Exercise aim →
Make an exact copy of the records below, excluding images.

Stored items from a collection

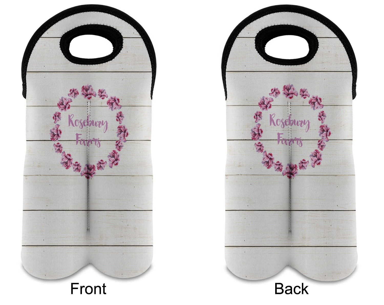 These tote bags are insulated to keep the bottles cold and have a stitched separation down the middle and double handles to keep the two bottles safe and secure during travels.
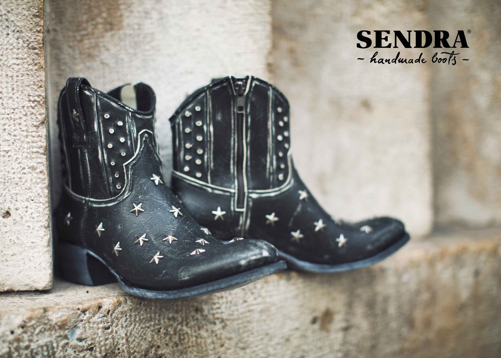 Sendra Stiefel in runder Form. Die silberfarbenen Sternnieten verleihen dem Stiefel seine Coolness. Die Used-Optik des Leders macht den Look aus. Auch für Frauen mit etwas stärkeren Waden geeignet, da der Schaft kürzer ist. An der Innenseite ist ein kleiner Reißverschluss zum besseren Einstieg.
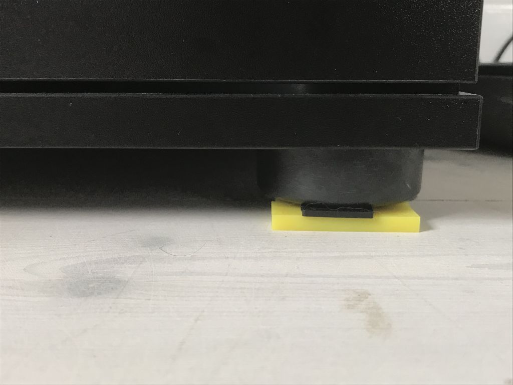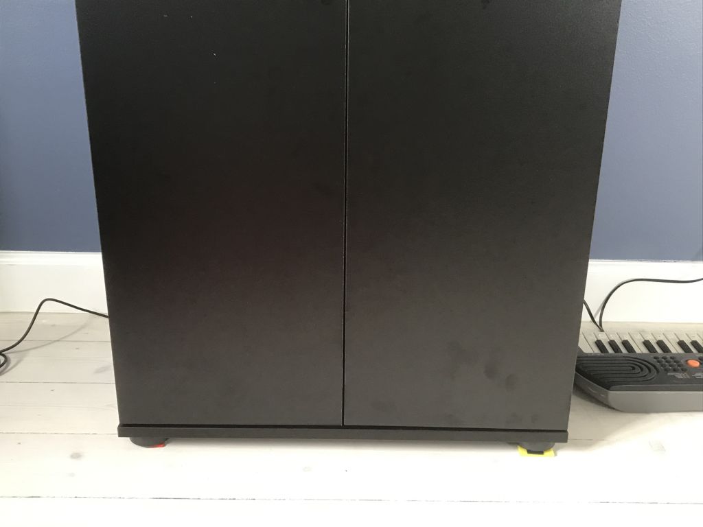 2) en sort plade under alle 4 fødder på skabet. Knudsen afstandsstykker under pladen,
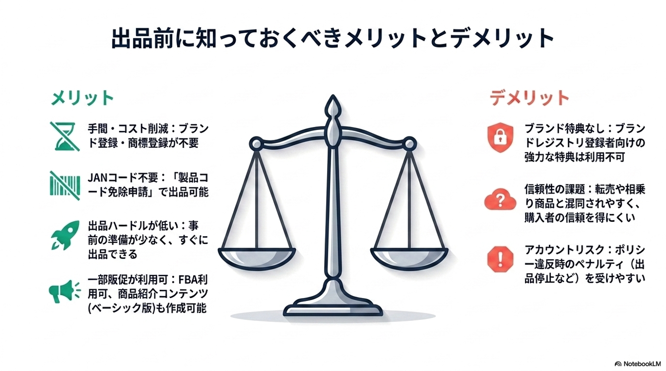 ノーブランド品は、比較的簡単な手順でコストや手間がかかりにくいことがメリットですが、一方でノーブランド品のポリシーを遵守しない場合はアカウント健全性へ影響を与えることやブランド特典が使用できないことがデメリットです。
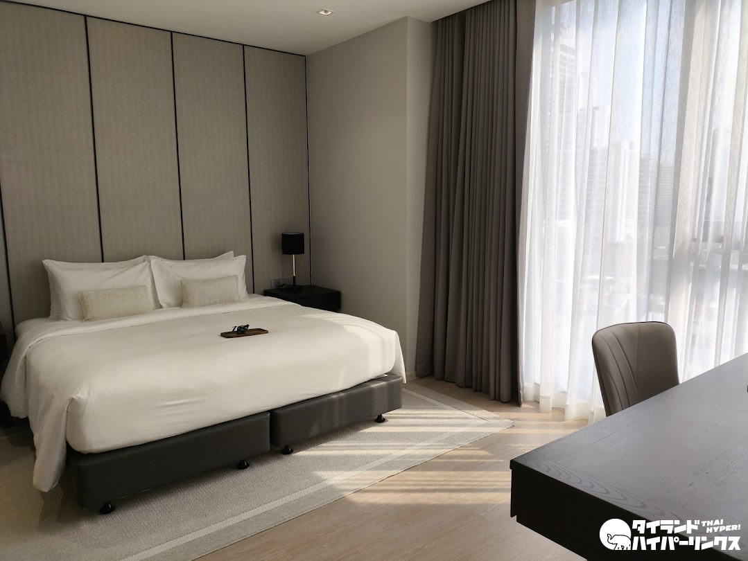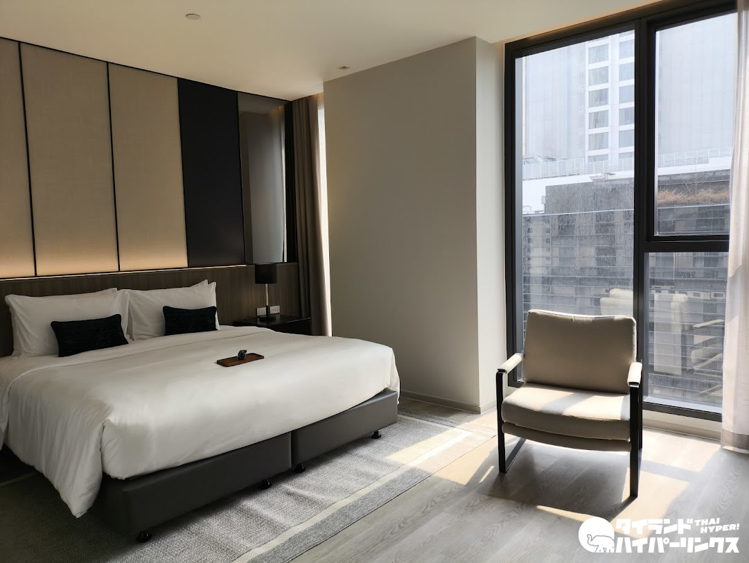 利用した12A階の「Superior One Bedroom Suite」は、約60㎡のワンベッドルームタイプ。リビングとベッドルームがしっかり分かれており、ドアを開けた瞬間から空間に余裕を感じます。いわゆるホテルの一室というより、レジデンスに近い印象で、広くてとても気持ちが良いです。
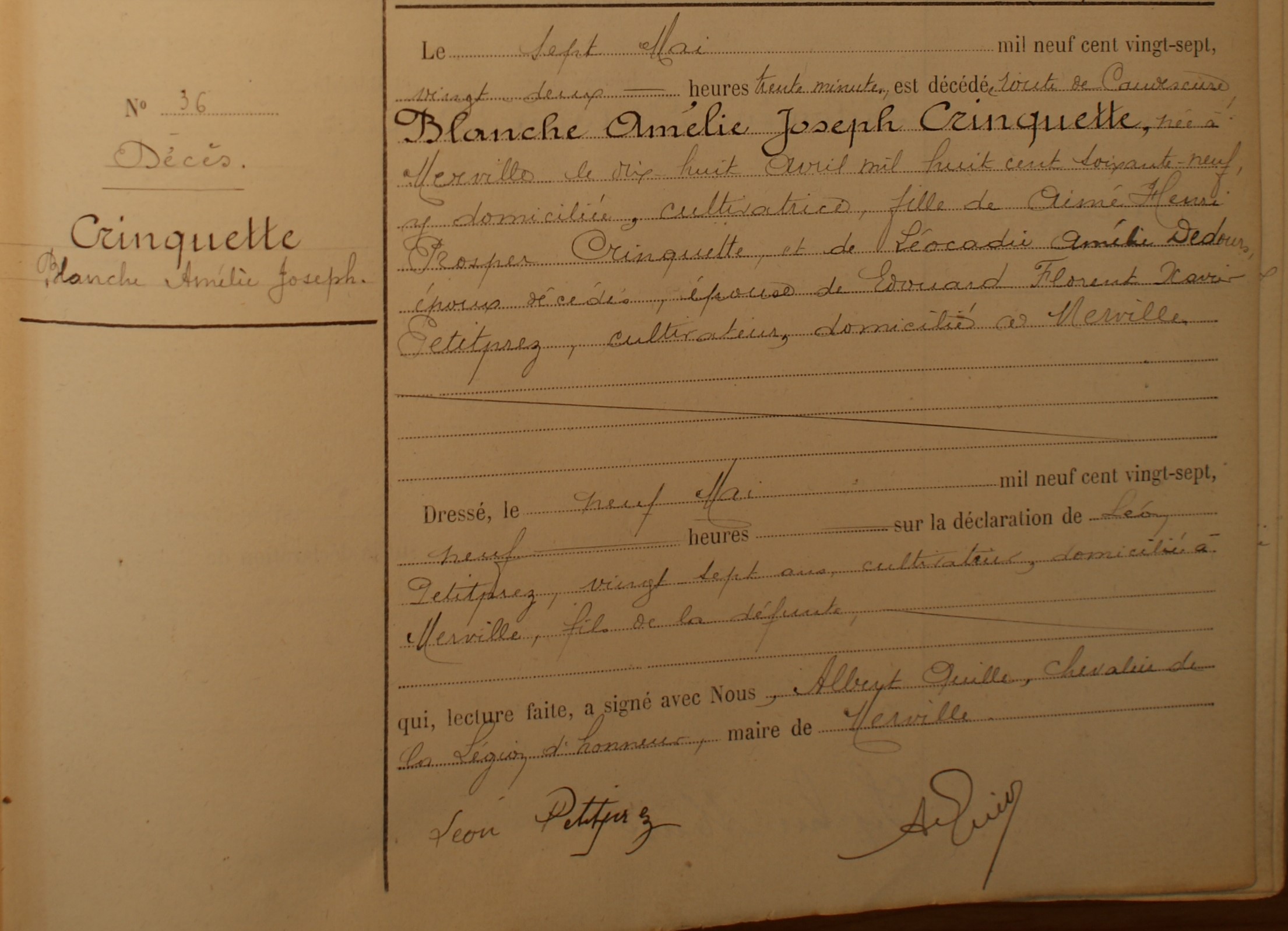 Acte de naissance de Blanche CRINQUETTE Décès Samedi 07 mai 1927 Merville, 59660, Nord, Hauts-de-France, France
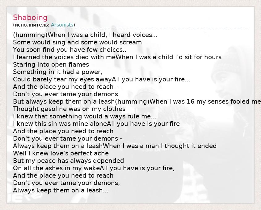(humming)When I was a child, I heard voices... Some would sing and some would scream You soon find you have few choices.. I learned the voices died with meWhen I was a child I'd sit for hours Staring into open flames Something in it had a power, Could barely tear my eyes awayAll you have is your fire... And the place you need to reach - Don't you ever tame your demons But always keep them on a leash(humming)When I was 16 my senses fooled me Thought gasoline was on my clothes I knew that something would always rule me... I knew this sin was mine aloneAll you have is your fire And the place you need to reach Don't you ever tame your demons - Always keep them on a leashWhen I was a man I thought it ended Well I knew love's perfect ache But my peace has always depended On all the ashes in my wakeAll you have is your fire, And the place you need to reach Don't you ever tame your demons, Always keep them on a leash...

Written response →
 These tote bags are insulated to keep the bottles cold and have a stitched separation down the middle and double handles to keep the two bottles safe and secure during travels.
 Sendra Stiefel in runder Form. Die silberfarbenen Sternnieten verleihen dem Stiefel seine Coolness. Die Used-Optik des Leders macht den Look aus. Auch für Frauen mit etwas stärkeren Waden geeignet, da der Schaft kürzer ist. An der Innenseite ist ein kleiner Reißverschluss zum besseren Einstieg.
 2) en sort plade under alle 4 fødder på skabet. Knudsen afstandsstykker under pladen,
 ノーブランド品は、比較的簡単な手順でコストや手間がかかりにくいことがメリットですが、一方でノーブランド品のポリシーを遵守しない場合はアカウント健全性へ影響を与えることやブランド特典が使用できないことがデメリットです。
 利用した12A階の「Superior One Bedroom Suite」は、約60㎡のワンベッドルームタイプ。リビングとベッドルームがしっかり分かれており、ドアを開けた瞬間から空間に余裕を感じます。いわゆるホテルの一室というより、レジデンスに近い印象で、広くてとても気持ちが良いです。
 Acte de naissance de Blanche CRINQUETTE Décès Samedi 07 mai 1927 Merville, 59660, Nord, Hauts-de-France, France
(humming)When I was a child, I heard voices... Some would sing and some would scream You soon find you have few choices.. I learned the voices died with meWhen I was a child I'd sit for hours Staring into open flames Something in it had a power, Could barely tear my eyes awayAll you have is your fire... And the place you need to reach - Don't you ever tame your demons But always keep them on a leash(humming)When I was 16 my senses fooled me Thought gasoline was on my clothes I knew that something would always rule me... I knew this sin was mine aloneAll you have is your fire And the place you need to reach Don't you ever tame your demons - Always keep them on a leashWhen I was a man I thought it ended Well I knew love's perfect ache But my peace has always depended On all the ashes in my wakeAll you have is your fire, And the place you need to reach Don't you ever tame your demons, Always keep them on a leash...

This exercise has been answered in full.